Вакцина памяти
Шрифт:
– А, простите, с кем имею честь? – В ведомстве не принято было носить форму, офицеры приходили на службу в костюмах; впрочем, как везде в подобных «конторах».
–Генерал Дубов, Степан Илларионович.
– Вы Степан Илларионович! – Панько сразу вспомнил работы, изданные в начале 90-х молодым исследователем Дубовым С. И., дерзкие, подчас идущие наперекор официальной советской историографии. Демократичный, добрый преподаватель, Дубов исчез с радаров в 1998 году. Ходили слухи, что один из его студентов или однокурсников высоко взлетел на федеральной политической орбите и определил Дубова
– Именно так. Вы, Валерий Львович, оказались здесь неслучайно. Не станем умалять протекцию Белкина, он ваш товарищ. Но, как вы понимаете, меня не интересуют княжеские междоусобицы и коррупция времен нашествия Батыя. Конечно, на первый взгляд может показаться, что мы здесь перепиливаем опилки. Так?
– Да. Очень кажется.
– Потому что так оно и есть, – непринужденно сказал Дубов. – Однако это верхушка айсберга, так сказать, издержки процесса. Ну, как в милиции часть сотрудников занимается исчезновениями котиков, кражей меховых шапок и поджогами газет в почтовых ящиках. Лично перед вами будут стоять несколько иные задачи.

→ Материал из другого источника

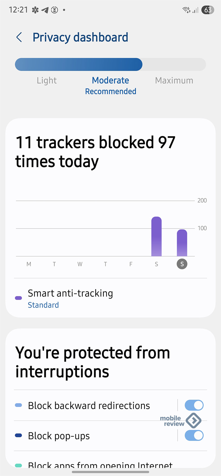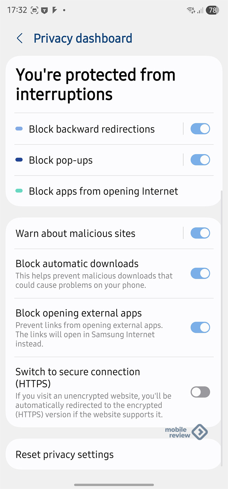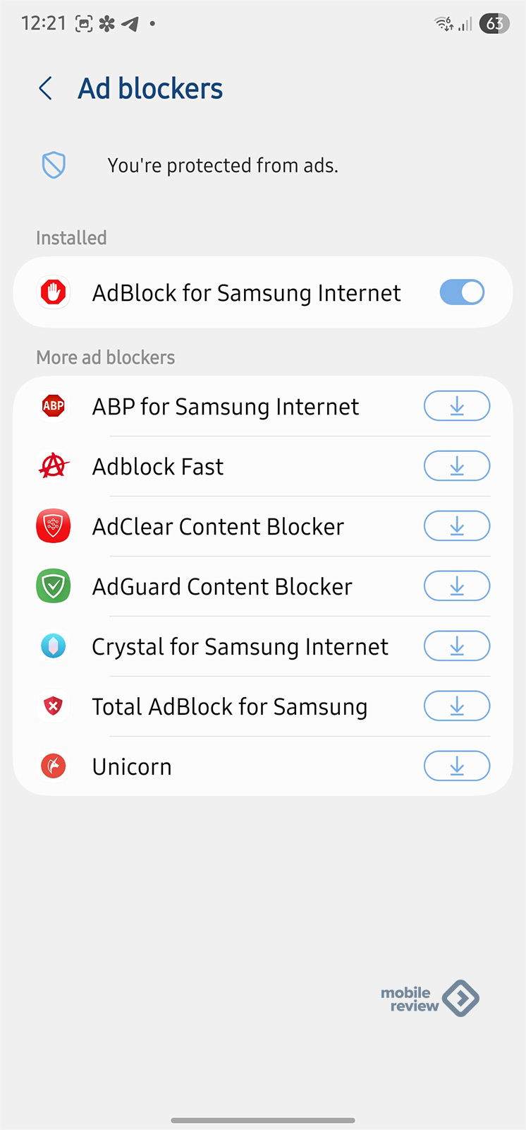 В Samsung Internet есть удобная панель управления приватностью: можно блокировать трекеры и предотвращать открытие сторонних рекламных страниц. Для требовательных пользователей в разделе «Дополнения» (Add-ons) доступен список бесплатных блокировщиков, оптимизированных для Samsung Internet.

– Какие? – вытаращив глаза, спросил Валерий Львович.
– Об этом позже. Пока втягивайтесь в работу. Вы полагаете, что я здесь по причине отсутствия работы, в поисках теплого местечка? Нет! Поэтому, когда градус маразма станет зашкаливать, помните, что ведомство кишит, кхе-кхе, «инакомыслящими». До встречи.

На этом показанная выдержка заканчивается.